Вслед за солидными работами Васильевского в 70-х гг. и позднее начали появляться исследования прогрессивного профессора Киевского, а затем Казанского университета Ф. Г. Мищенко (1847–1906).40)

Ф. Г. Мищенко принадлежит большая заслуга в изучении эллинистической Греции. В своём интересном исследовании «Федеративная Эллада и Полибий» он рассматривает состояние Греции в последнее время её политической независимости. Во всём изложении чувствуется превосходное знание источников; вообще весь его труд своеобразен и оригинален. Определения эллинизма он не даёт и чаще всего называет эллинистический период периодом македонского господства. Особую ценность работа Ф. Г. Мищенко имеет потому, что он изучает федеративное устройство греков, впервые в русской историографии подробно исследует историю возникновения и деятельности Ахейского и Этолийского союзов. Всем содержанием работы Мищенко утверждает мысль о том, что в период эллинизма наблюдается стремление к политическому единству. Автор решительно разоблачает реакционные, модернизаторские установки в этом вопросе многих западноевропейских учёных.41) Его работа не потеряла своего значения и до сих пор, хотя с целым рядом положений автора сейчас согласиться уже нельзя. Не может быть приемлема точка зрения Мищенко и на македонские завоевания. Он считает, что роль Александра и его походов была отрицательной: завоевания Александра принесли Греции только разрушения и несчастья. «Военное усиление Македонии и вторжение её в эллинский мир не принесли с собой, да и не могли принести, ничего положительного, созидающего».42)
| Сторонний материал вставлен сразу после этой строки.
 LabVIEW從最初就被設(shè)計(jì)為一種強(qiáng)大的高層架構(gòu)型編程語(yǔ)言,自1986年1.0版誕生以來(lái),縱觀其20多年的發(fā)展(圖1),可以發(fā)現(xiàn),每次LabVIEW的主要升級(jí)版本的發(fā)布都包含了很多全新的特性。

Мищенко не понял и в то время не мог понять исторического значения эллинизма. Для него эллинистический период – это отлив населения из Эллады, построение новых городов, распространение эллинских искусств, науки, языка в Азии и Египте. Правда, он замечает и более глубокие явления: «...выселение эллинов оживило торговлю и взаимные сношения народов, создало новые торговые центры, оставившие далеко за собой Афины и Коринф, накопленные персидскими деспотами несметные богатства были пущены в оборот; эллины завязали прямые сношения с Индией, внутренней Азией и Южной Африкой».43)
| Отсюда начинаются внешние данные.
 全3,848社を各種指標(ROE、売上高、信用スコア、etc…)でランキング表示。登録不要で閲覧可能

В период деятельности Ф. Г. Мищенко в Казани на Украине – в Киеве и Харькове – стали появляться важные работы по истории римских провинций. К ним следует отнести труды профессора Киевского университета Ю. А. Кулаковского, касающиеся экономики провинции, и работу харьковского учёного Л. Ю. Куля о провинциальных собраниях.44)

Много сделала в изучении интересующего нас вопроса школа Ф. Ф. Соколова, из которой вышли все специалисты по греческой эпиграфике в России.45)

Прежде всего важное значение имеют работы самого Ф. Ф. Соколова. В 1879 г. появилась его замечательная статья «Афинское постановление в честь Аристомаха Аргосского».46) С. А. Жебелёв назвал эту работу изумительной «по тонкости, детального анализа».47) Она является очень важной для выяснения взаимоотношений Македонии с Грецией во времена Антигона Гоната.

В 1886 г. Ф. Ф. Соколов произнёс актовую речь «Третье столетие до Р. X.», в которой даётся периодизация греко-македонской истории этого века и краткая характеристика каждого периода.48) К этим работам примыкают статьи Соколова: «Александр, сын Кратера», «Битва при Косе и Антипатр архонт». Широко используя эпиграфический материал, Соколов сделал ряд интересных наблюдений и выводов. Он был намерен написать целую серию статей о Македонии и Греции эпохи эллинизма. Об этом намерении свидетельствуют найденные С. А. Жебелёвым в его бумагах названия этих статей.49) Но статьи, к большому сожалению, не были написаны.

Учениками проф. Соколова, в первую очередь С. А. Жебелёвым, был создан ряд специальных монографий по истории отдельных провинций. Крупным исследованием является докторская диссертация С. А. Жебелёва «Ахаика», которая имеет важное значение в изучении греческой истории с середины II в. до н. э. до конца III в. н. э., а также его монография по истории Афин в эпоху эллинизма.50) В этих трудах широко использован эпиграфический материал. Не затрагивая экономическую и социальную жизнь провинции Ахайи, автор тем не менее решает в этих работах ряд важнейших вопросов. Он окончательно устанавливает время создания этой провинции, прослеживает историю ряда отдельных учреждений на её территории, освещает вопрос об административном устройстве и внутренней организации провинции и её отдельных общин.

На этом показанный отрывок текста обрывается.